Transformer Deep Dive: Part 6 - Inference Optimization

Training a large language model is expensive, but inference—the process of generating predictions—presents its own unique challenges. When deployed at scale, LLMs must handle latency, throughput, memory efficiency, and cost.

The Inference Challenge

| Challenge | Description | |-----------|-------------| | Latency | Time to first token, time per token | | Throughput | Requests per second | | Memory | Model weights + KV cache | | Cost | GPU hours per 1M tokens |

Memory vs Compute Bound

Autoregressive LLM inference is typically memory-bound during the decode phase:

Each token generation requires loading the entire model weights
The arithmetic intensity (FLOPs per byte loaded) is very low
Modern GPUs have much higher compute throughput than memory bandwidth

| GPU | Memory BW (TB/s) | FP16 TFLOPs | Ratio | |-----|------------------|-------------|-------| | A100 (80GB) | 2.0 | 312 | 156:1 | | H100 (80GB) | 3.35 | 990 | 296:1 |

For every byte loaded from memory, the GPU can perform 150-300 FP16 operations.
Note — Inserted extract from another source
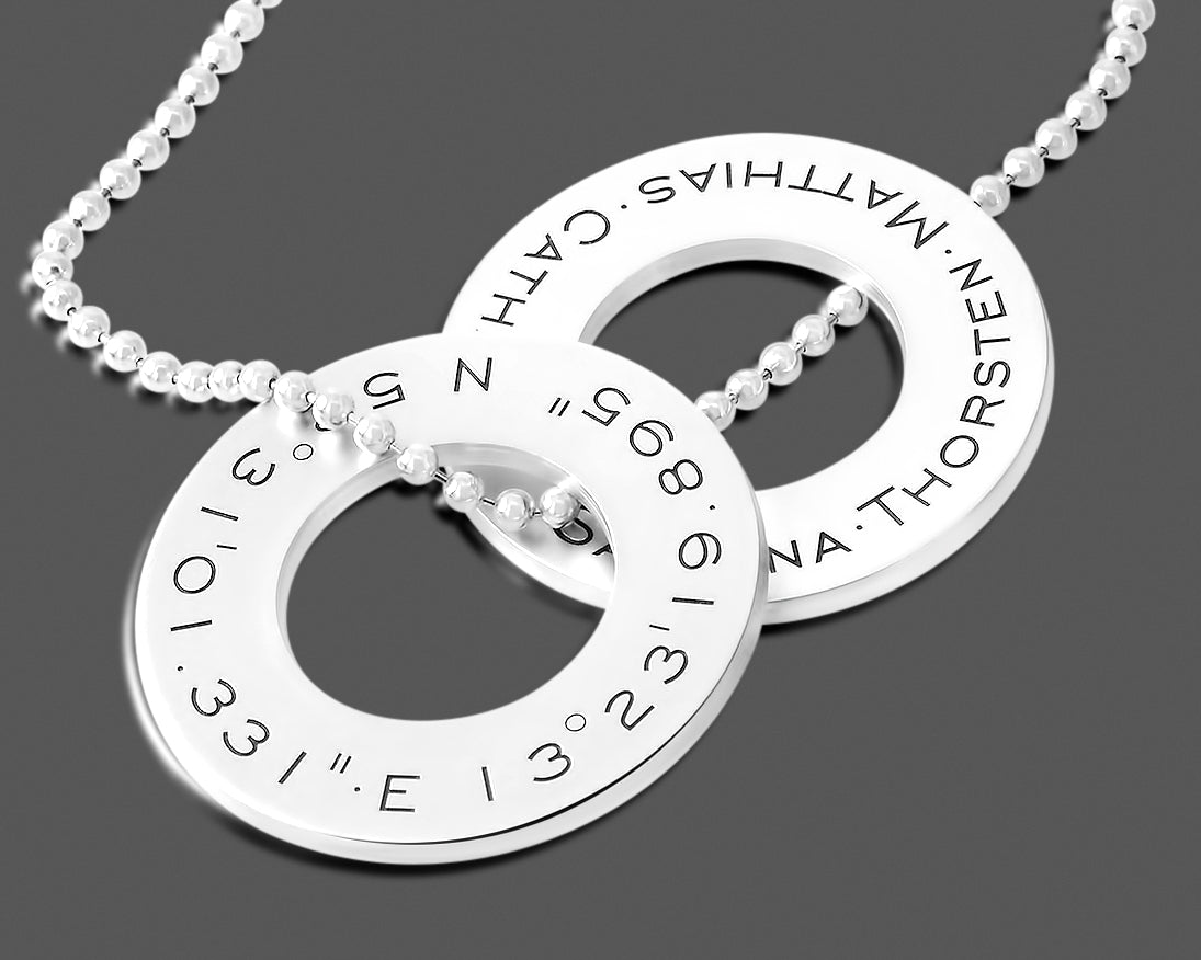 SILBERKETTE MIT KOORDINATEN & NAMEN ANHÄNGER GRAVUR SCHMUCK 925 SILBER

But generating one token requires loading all model weights while performing relatively few operations per weight.

KV-Cache

The Redundancy Problem

In autoregressive generation, we generate one token at a time. Without caching, we'd recompute attention for all previous tokens at each step:

Step 1: Compute attention for [A]
Step 2: Compute attention for [A, B]        ← Recomputes A!
Step 3: Compute attention for [A, B, C]     ← Recomputes A, B!
Step 4: Compute attention for [A, B, C, D]  ← Recomputes A, B, C!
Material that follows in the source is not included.